By: Researcher Taymur
My husband and I call “The Dark Years” from 2002 to 2008. I went from a high-energy go-getter virtually overnight to being mostly bedridden, with debilitating aches, increasing tiredness, vertigo, and recurrent bronchitis.
Doctors gave me different diagnoses, but the most reliable seemed to be chronic fatigue syndrome (CFS) or “an unexplained autoimmune disorder.”
The worst part of having a condition like CFS apart from the horrible symptoms, the loss of health, and the indignity of people who believed that I was really sick was the mad, full-time job that was looking for ways to get better. I developed the following seven habits through some painful on – the-job training, which eventually enabled me to manage my symptoms and get back on the path to full health.
Before I start, it is important to acknowledge that CFS is a specific disease and that it will achieve varying degrees of health for those who have it. I was fortunate enough to regain my healthfully, and I saw several others do the same. Everyone has their own path to health and I hope these suggestions can help you find yours whatever your potential is.
Make sure that you know that you are responsible for your own recovery and that you are your professional advisors.
I realized that I needed to change my approach after years of hoping to find the doctor with the cure. I came with a friend to advocate for me at every appointment, along with a list of questions, a chart of my symptoms and therapy research. I had third opinions and refused any treatment if the provider could not produce two patients for whom it had worked, and one year later they were still healthy.
Be open to major changes and ask your hypotheses.
I had a lot of experiences with my diet during the early years of my disease. I left out rice, sugar, dairy and meat. I tried cleaning anti-Candida, being vegan, cleaning Ayurvedic for six weeks, and more. When none of those worked, I decided that food couldn’t cure me though eating healthy helped a bit. I was mistaken. When I questioned that conclusion, I was only able to recover my health.
I took on a strict, raw vegan diet after five years of illness that I had ruled out four years ago as too extreme. I felt better within 12 months.
Establish a daily practice that can help you manage hard emotions, such as journaling, peer counseling, or meditation, that could sabotage your healing efforts.
I was part of a peer counseling community and had sessions with other counselors on a daily basis, two-way listening and sharing. They lasted from five to 50 minutes anywhere.

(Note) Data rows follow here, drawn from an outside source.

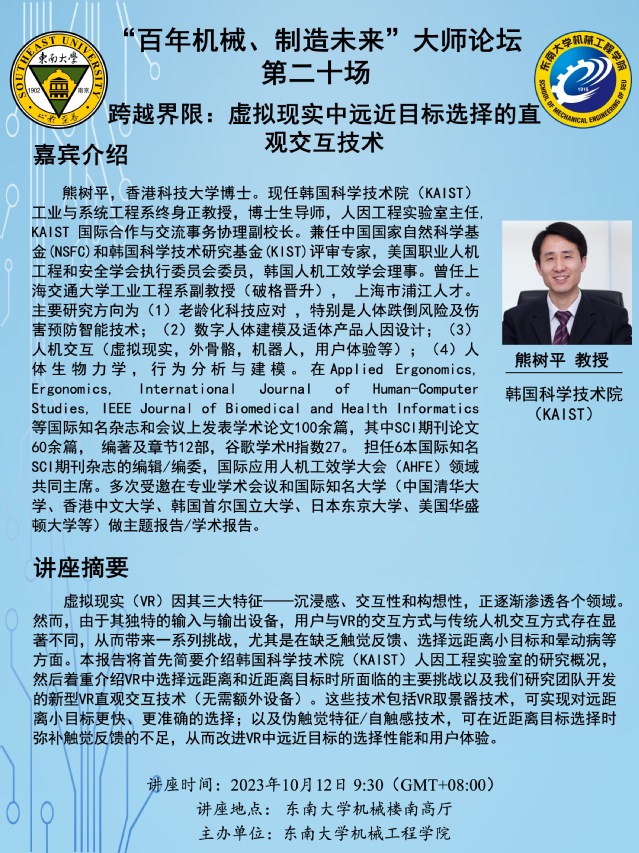 熊树平,香港科技大学博士。现任韩国科学技术院(KAIST)工业与系统工程系终身正教授,博士生导师,人因工程实验室主任, KAIST 国际合作与交流事务协理副校长。兼任中国国家自然科学基金(NSFC)和韩国科学技术研究基金(KIST)评审专家,美国职业人机工程和安全学会执行委员会委员,韩国人机工效学会理事。曾任上海交通大学工业工程系副教授(破格晋升), 上海市浦江人才。主要研究方向为(1)老龄化科技应对 ,特别是人体跌倒风险及伤害预防智能技术;(2)数字人体建模及适体产品人因设计;(3)人机交互(虚拟现实,外骨骼,机器人,用户体验等);(4)人体生物力学,行为分析与建模。在Applied Ergonomics, Ergonomics, International Journal of Human-Computer Studies, IEEE Journal of Biomedical and Health Informatics等国际知名杂志和会议上发表学术论文100余篇,其中SCI期刊论文60余篇, 编著及章节12部,谷歌学术H指数27。 担任6本国际知名SCI期刊杂志的编辑/编委,国际应用人机工效学大会(AHFE)领域共同主席。多次受邀在专业学术会议和国际知名大学(中国清华大学、香港中文大学、韩国首尔国立大学、日本东京大学、美国华盛顿大学等)做主题报告/学术报告。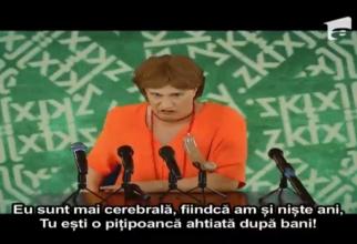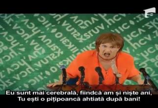 Bendeac o imită pe Andreea Pora. Vezi cum mușcă din cârnat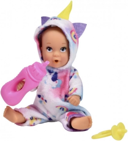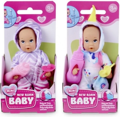 New Born Baby MINI dukke er et sjovt og interaktivt legetøj, som dit barn vil elske. Denne søde dukke drikker og tisser, og hendes pyjamas fås i to motiver: enhjørning og jungle.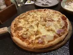 Nithan Pattaya - Coffee Tel is located in Sattahip District, Chonburi Province. There's plenty of parking, so don't worry about finding a spot! The interior is luxurious and the atmosphere is amazing. It's perfect for chilling out and chatting with friends, family, and even the occasional group. Most importantly, the food and drinks are excellent. There were three of us and we ordered a pizza, spaghetti carbonara with salted fish (the restaurant's signature dish). It looked so delicious, so we ordered it. I didn't expect the carbonara with salted fish and some kind of salad with ripe mango to go together. It was so refreshing. We finished off with a piece of cheesecake with a chocolate chunk on top for a light palate cleanse. It was incredibly smooth and filling. It was a complete meal, complete with beautiful photos, and the atmosphere was amazing, along with the beautifully presented and delicious food. This is a cafe I highly recommend to everyone.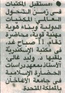 17 يناير 2026 "مستقبل المكتبات في زمن التحول العالمي: المكتبات الدولية وبناء هوية مهنية قوية" محاضرة بمكتبة الإسكندرية الأهرام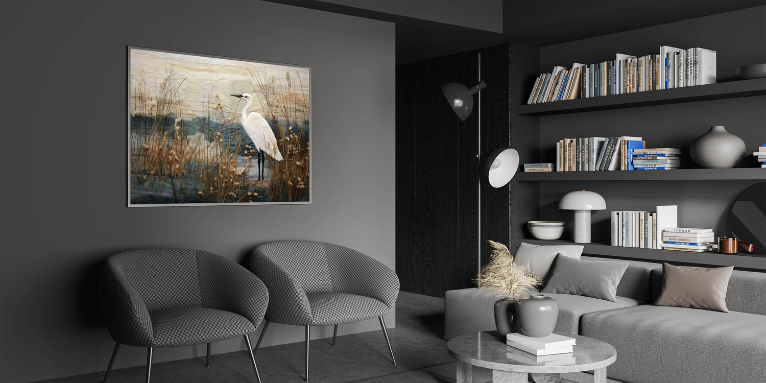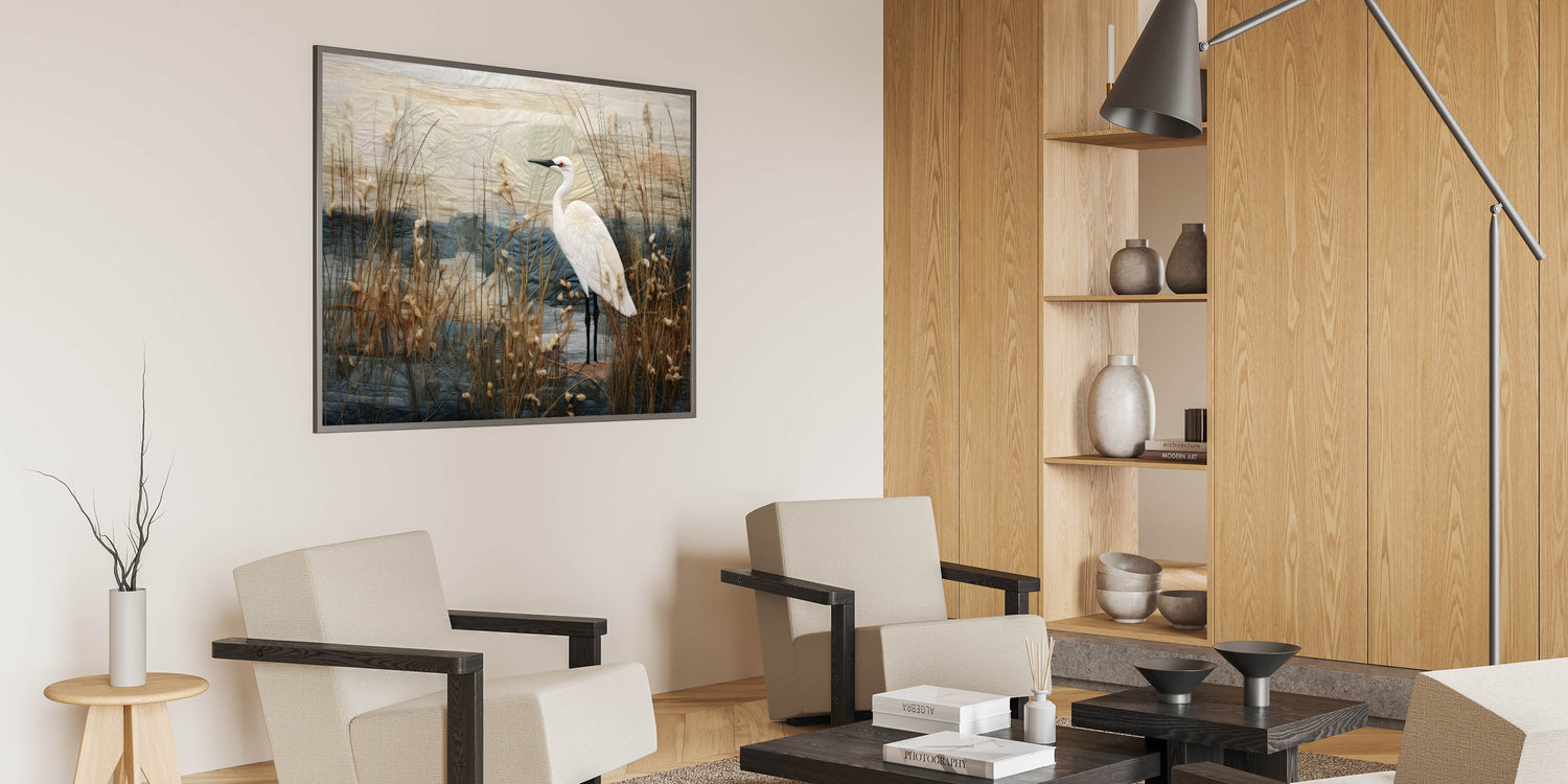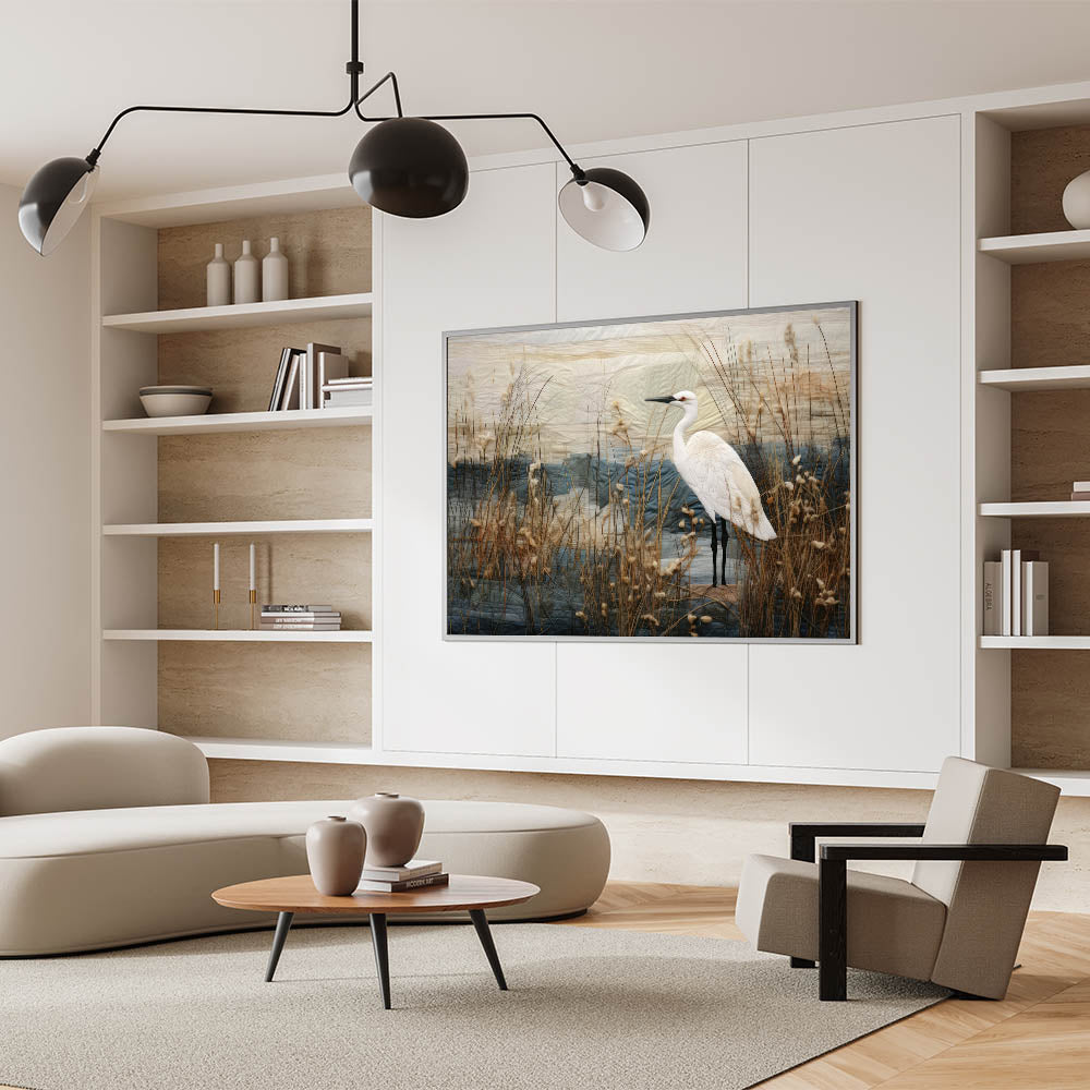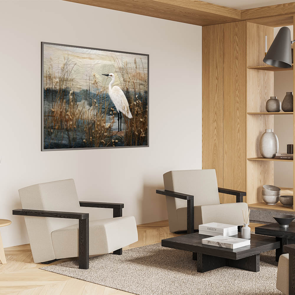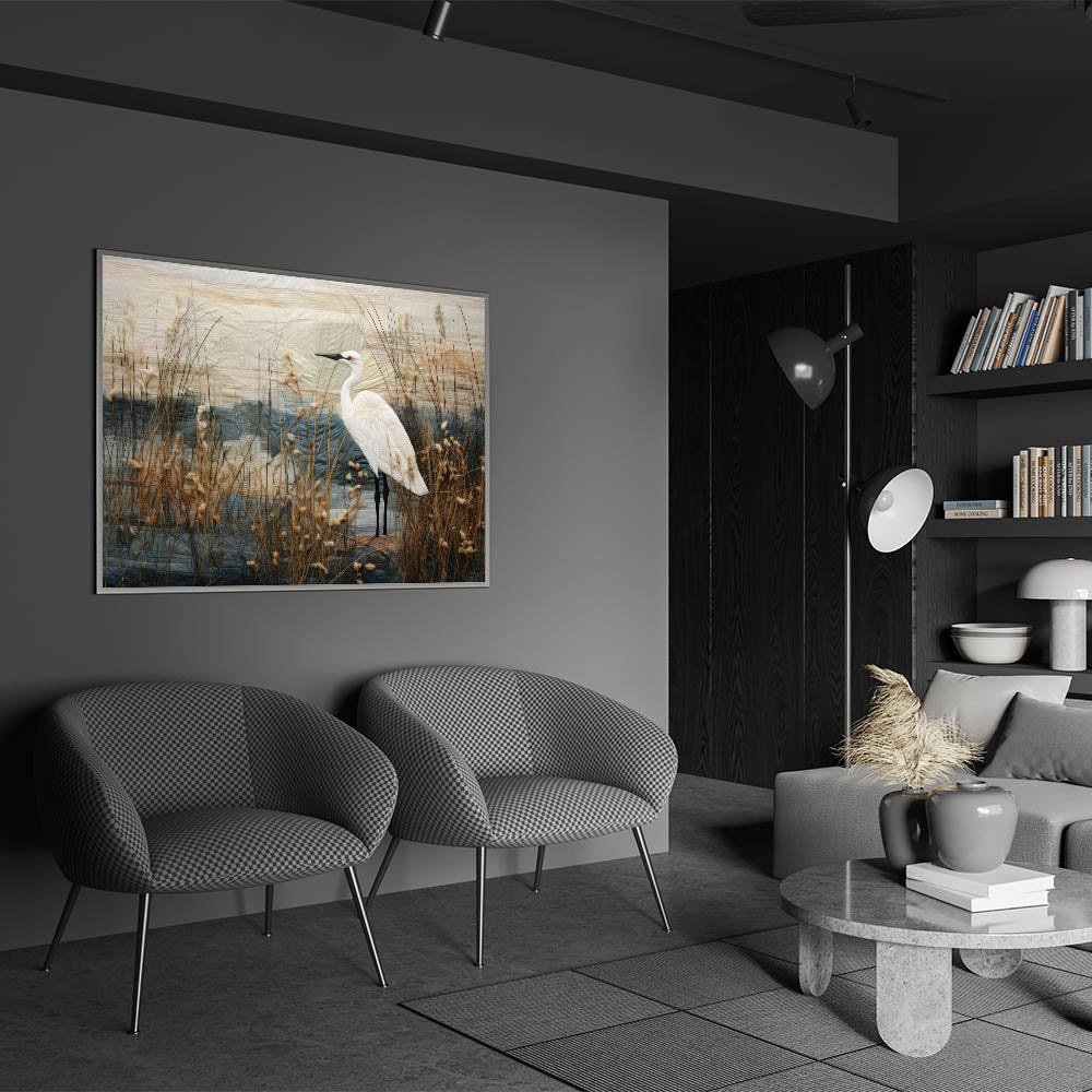 Add a unique and textured element to your decor with this captivating marsh and swamp wall art, featuring an elegant heron surrounded by reeds in a beautifully detailed scene. The combination of intricate textures and soft, earthy tones creates a rich and inviting atmosphere, perfect for those looking to bring a touch of nature's elegance into their home.

These sessions enabled me to stay on top of the grief, fear, and anger that might otherwise have led me to give up or feel unable to make the big changes I needed to make in diet and lifestyle.
Adopt a fiercely self-confident attitude and ability to be healthy.
I decided to become more optimistic when the person leading a mind-body class I was in scolded me that my cynical attitude was “not serving” me. I started looking for therapies that weren’t useful data, not indicators I’d never recover. Exercises such as writing a letter of dismissal in my head to the nervous critic helped me build my muscles of hope.
To set up your home in a way that supports your healing, use organizing principles.
Practicing qi gong on a daily basis was an important part of my recovery, but I was a chronic qi gong procrastinator before I cleaned out half of our family room to create a beautiful practice space with all the equipment, I wanted a timer, CD, and CD player in a closet.
It will make you a more effective advocate to have a handle on your medical information.
I am a man who is congenitally disorganized. So, after years of papers flying all over the place, a friend helped me create a physical notebook with tabs for Articles, Notes from Health Appointments, Medical History, Current Medicines and Lab Results.
I had all my laboratory results sent to me, so I alphabetized them with tabs such as Lupus, Lyme, Parvovirus and Parasites.
Talk openly with your friends and family and invite them on your healing journey to help you.
I finally got over my delusion after five years of suffering that I didn’t need help. When people started coming to appointments with me, spending time exploring solutions with me, and visiting me, I had the confidence to take on the strict diet of healing that had previously felt too hard.
Breslov’s Nachman, a Ukrainian Hassidic rabbi of the 18th century, famously said that “a little bit is also good.” Wherever you are in your recovery, taking steps to affirm only one part of your path could make a real difference in bringing you to a healthier future.